INSTRUCTIONS FOR THE TASK
The lines from the top of the material through the line with "Đối với lòng" are to be set down exactly. Leave the pictures out.

TASK INPUT
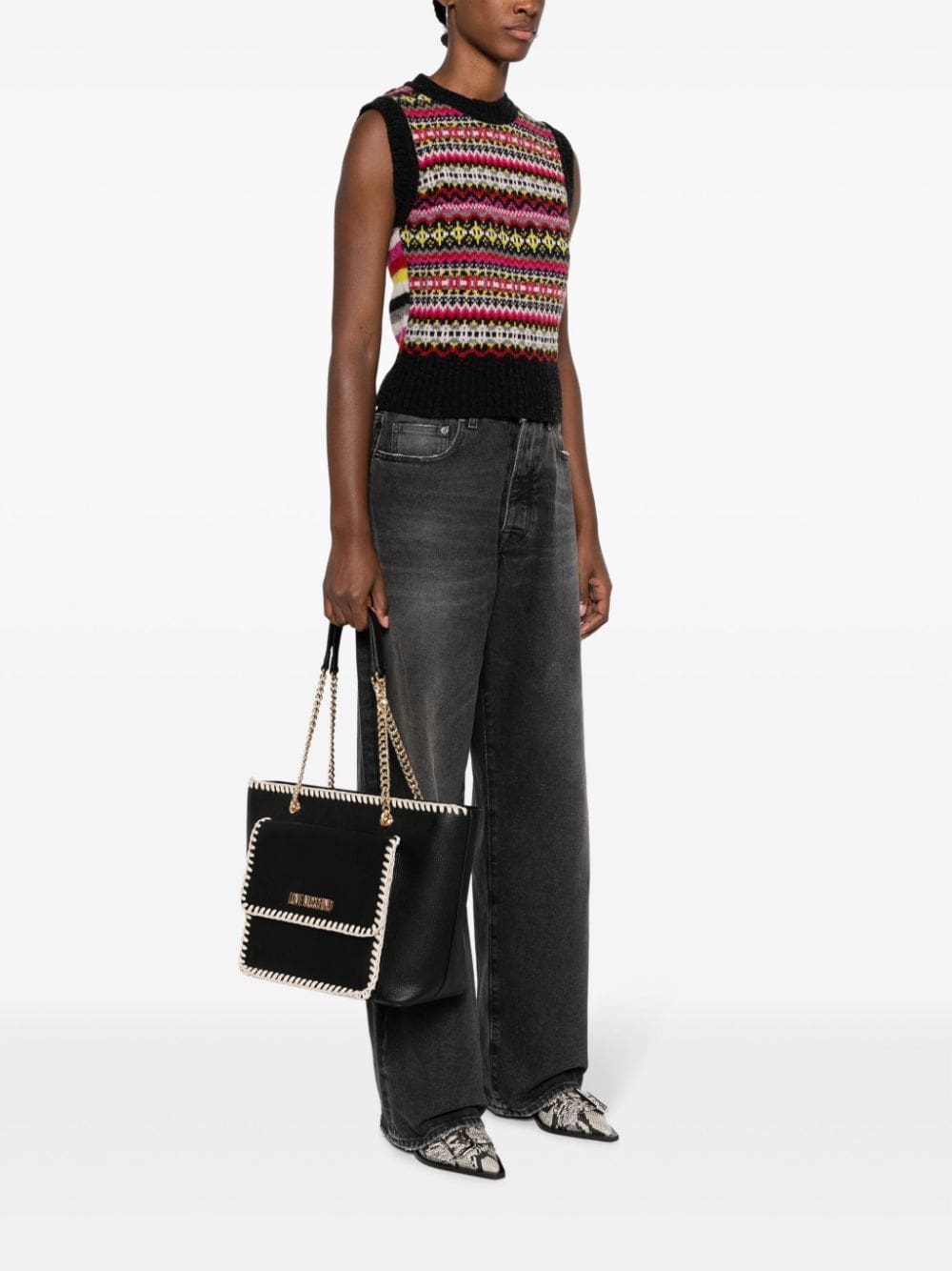 Love Moschino logo-lettering whipstitch-detail tote bag
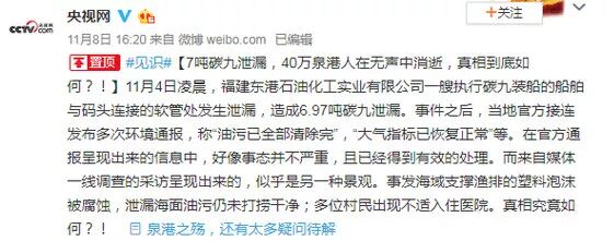 现在,泉港引以为傲的石化产业却给泉港带来不可估量的损失,水产和盐业都会受到冲击!看到渔民面对渔排一个个沉入海底,那种心痛,官们,不要为了政绩,而祸害泉州的绿水青山了,事故出现了,不要一味的回避,亡羊补牢尤未晚唉。 04  央视:碳九泄漏40万人在无声中消逝  真相是?
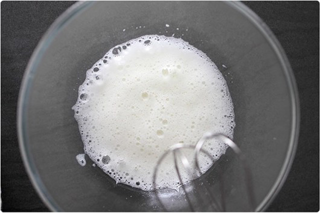 Đối với lòng trắng bạn cho muối vào, dùng máy đánh trứng đánh với tốc độ thấp nhất đến khi xuất hiện bong bóng trắng.
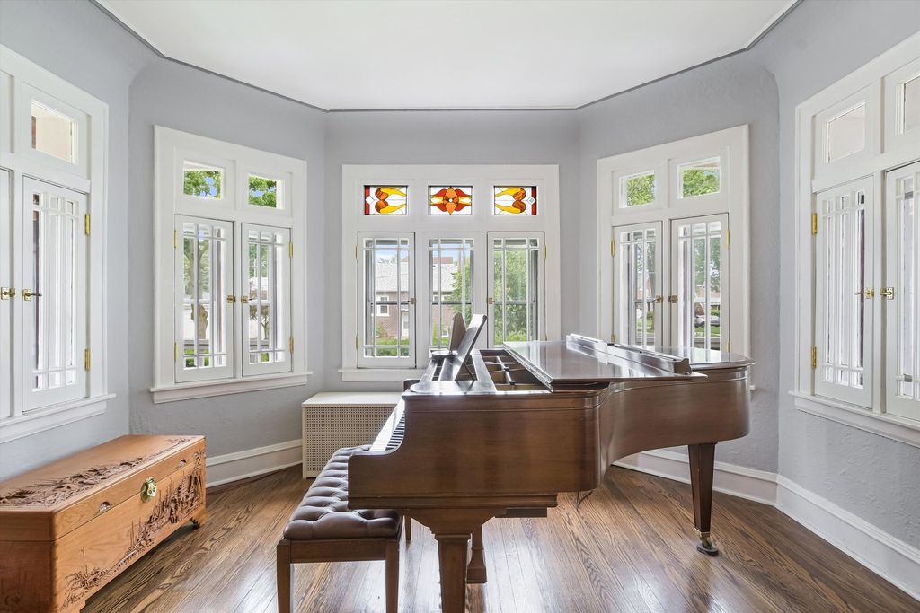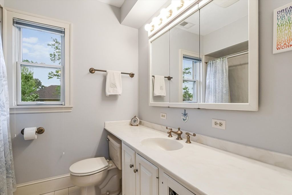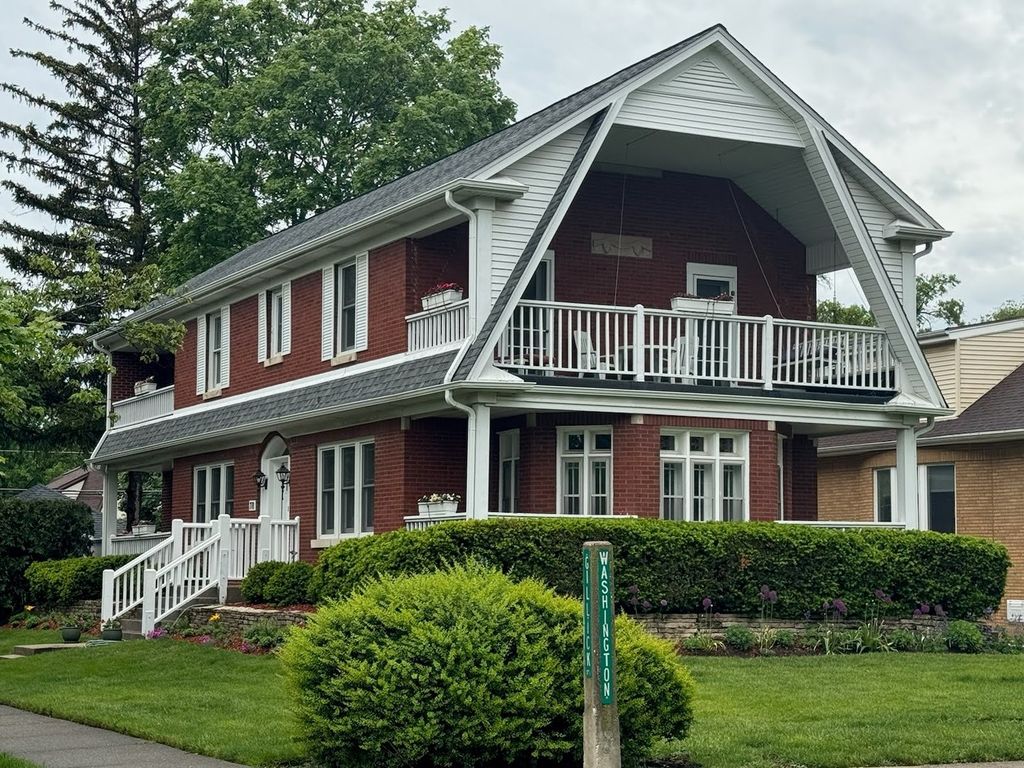Step into timeless charm and modern comfort with this stunning Dutch Colonial, perfectly perched on an oversized corner lot just blocks from Uptown Park Ridge and the Metra. This triple-brick beauty showcases classic craftsmanship paired with thoughtful updates throughout, including mostly new Pella windows. The elegant octagon living room, centered around a cozy fireplace (chimney and liner both replaced within the last five years), offers a unique and welcoming space to relax or host guests. You'll love the updated kitchen that seamlessly flows into the inviting family room and opens to a generous backyard, complete with a deck, fire pit, and underground sprinkler system - perfect for effortless maintenance and outdoor entertaining. Multiple balconies offer beautiful spaces to unwind, including a second-floor deck with a swing and access from the bedrooms. The spacious primary suite is a true retreat, featuring a private bath and direct outdoor access to a balcony. There's also second-floor laundry. The basement adds exceptional flexibility for a rec room, gym, or guest space, and includes an additional washer and dryer, and a freezer. Ample storage can be found throughout the home, including in the attic of the detached two car garage accessible from the alley. With an updated kitchen and bathrooms, plus recent improvements like the roof, gutters, and windows, this home is completely move-in ready. Classic style, unbeatable location, and everyday comfort - all in one.
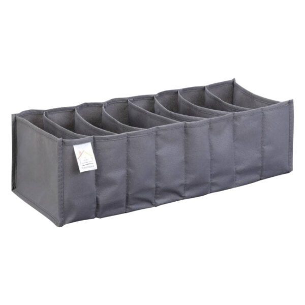 این ارگانیزر در سایز مدیوم دارای 8 جیب و با ابعاد 24x12x38 می باشد. – در رنگ طوسی تیره قسمت انتهایی و زیرین هر جیب به کف پارچه اصلی دوخته شده است. |
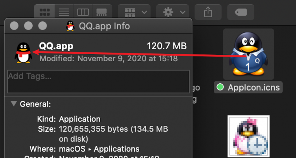 不过我一直觉得红色都企鹅图标无论是身材还是颜色上都不如蓝牙版的企鹅好看,也一直随着QQ版本升级更换着图标的颜色,不过随着macOS的安全机制完善,更换图标的操作也有了一些变化,今天就写下简单流程吧,从官网下载最新的QQ,安装到应用程序目录,然后下载蓝衣企鹅图标包,下面的链接:
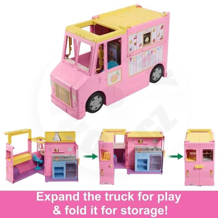 Je skvelou voľbou pre Barbie®, ktorá chce rozbehnúť vlastné podnikanie. Bábika nie je súčasťou balenia. Farby a dekoratívne prvky môžu líšiť. Súprava Barbie® Furgonetka s limonádou obsahuje 25 dielikov , takže si môžete pripraviť tie najlepšie nápoje po celom meste.
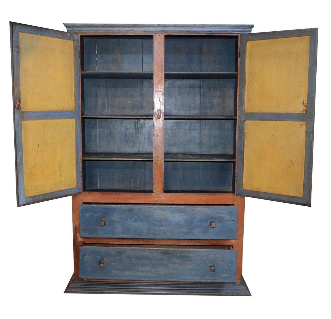 Móvel de madeira nobre com tampo de mármore, parte inferior com tres portas, e superior com duas portas e prateleiras...
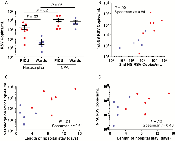 Nasosorption (NS) and nasopharyngeal aspiration (NPA) for respiratory syncytial virus (RSV) load quantitation. A, RSV load measured by NS and NPA from infants admitted to the pediatric intensive care unit (PICU) on mechanical ventilation (n = 7) and nonventilated infants on general paediatric wards (n = 5). B, Reproducibility of NS RSV load measurements (n = 12; same subjects and data as A, see Methods). Correlation between length of admission and RSV load as measured by NS (C) and NPA (D). RSV-A, circle; RSV-B, square; RSV+ Wards/nonventilated, blue; RSV+ PICU/ventilated, red. Data were analyzed by 2-tailed Mann–Whitney U tests, 2-tailed Wilcoxon matched pairs tests, or Spearman correlations as applicable. Abbreviations: NPA, nasopharyngeal aspiration; NS, nasosorption; PICU, pediatric intensive care unit; RSV, respiratory syncytial virus.
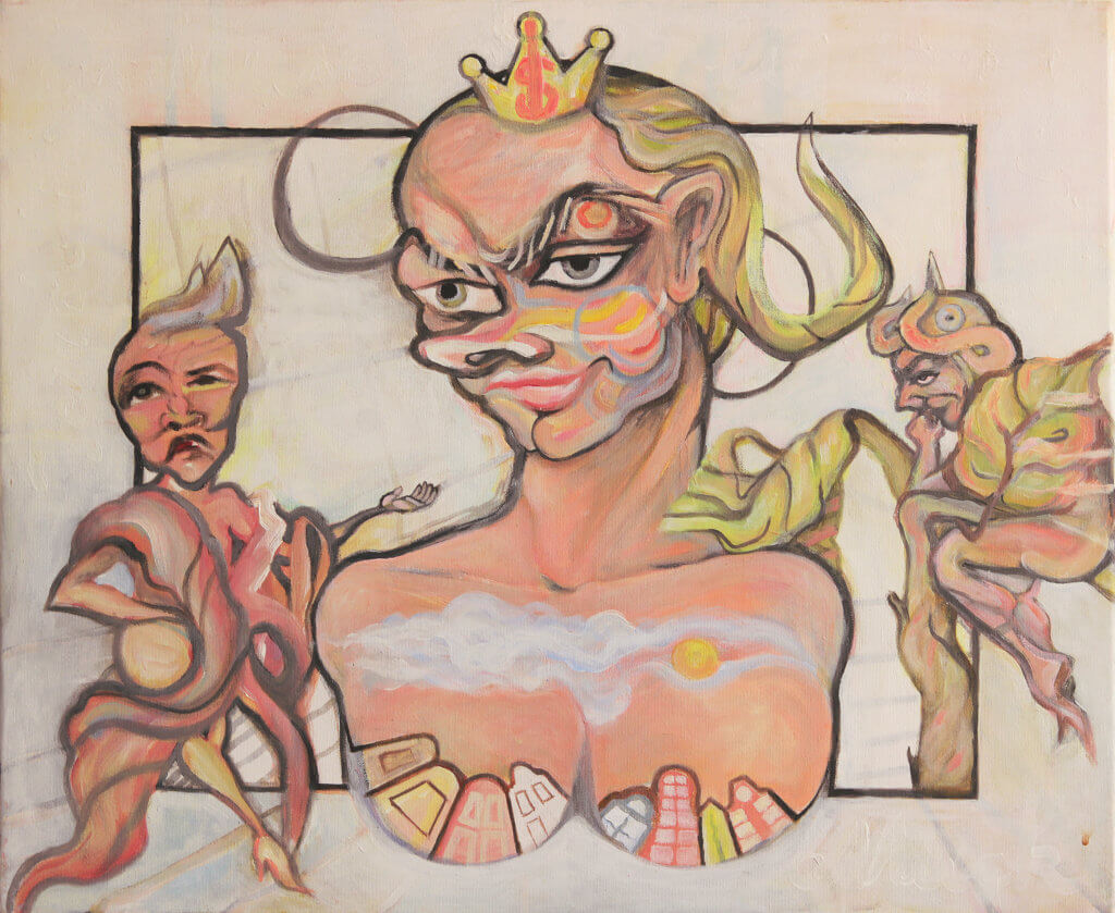 The summary of this piece’s inspiration and message was published in an essay https://maraleverkuhn.medium.com/painting-faustian-trade-offs-3ac058026d1c
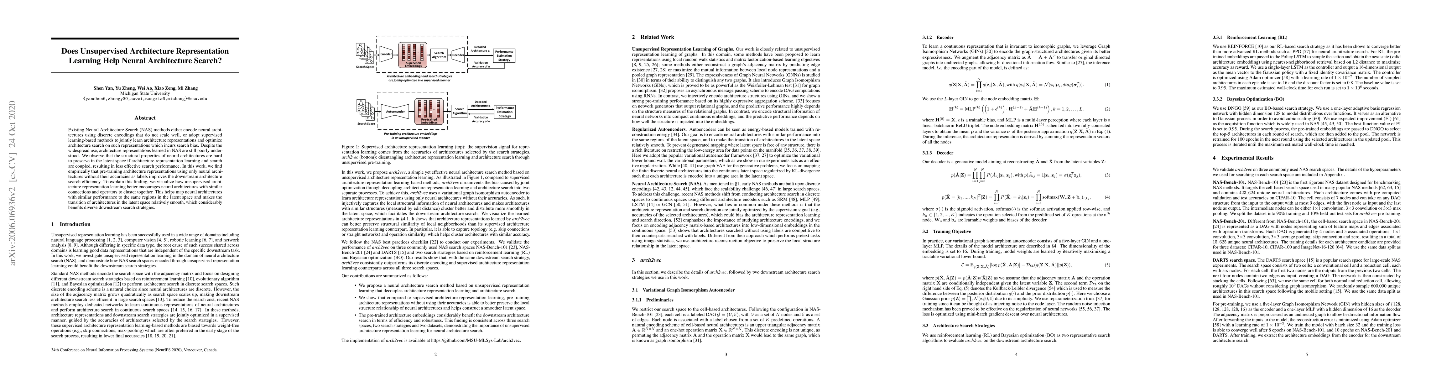 This paper explores whether unsupervised learning of neural architecture representations can enhance neural architecture search (NAS) efficiency. The study finds that pre-training architecture representations without using accuracy labels significantly improves NAS performance by clustering similar architectures together in the latent space, enabling smoother transitions and benefiting diverse search strategies.
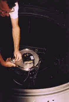 Mike Williams of the LPL Machine Shop installs a small format CCD at the corrected prime focus for initial determination of focus on 2002 Oct. 9. (Photograph by Robert McMillan)

ANSWER BOX
 Love Moschino logo-lettering whipstitch-detail tote bag
 现在,泉港引以为傲的石化产业却给泉港带来不可估量的损失,水产和盐业都会受到冲击!看到渔民面对渔排一个个沉入海底,那种心痛,官们,不要为了政绩,而祸害泉州的绿水青山了,事故出现了,不要一味的回避,亡羊补牢尤未晚唉。 04  央视:碳九泄漏40万人在无声中消逝  真相是?
 Đối với lòng trắng bạn cho muối vào, dùng máy đánh trứng đánh với tốc độ thấp nhất đến khi xuất hiện bong bóng trắng.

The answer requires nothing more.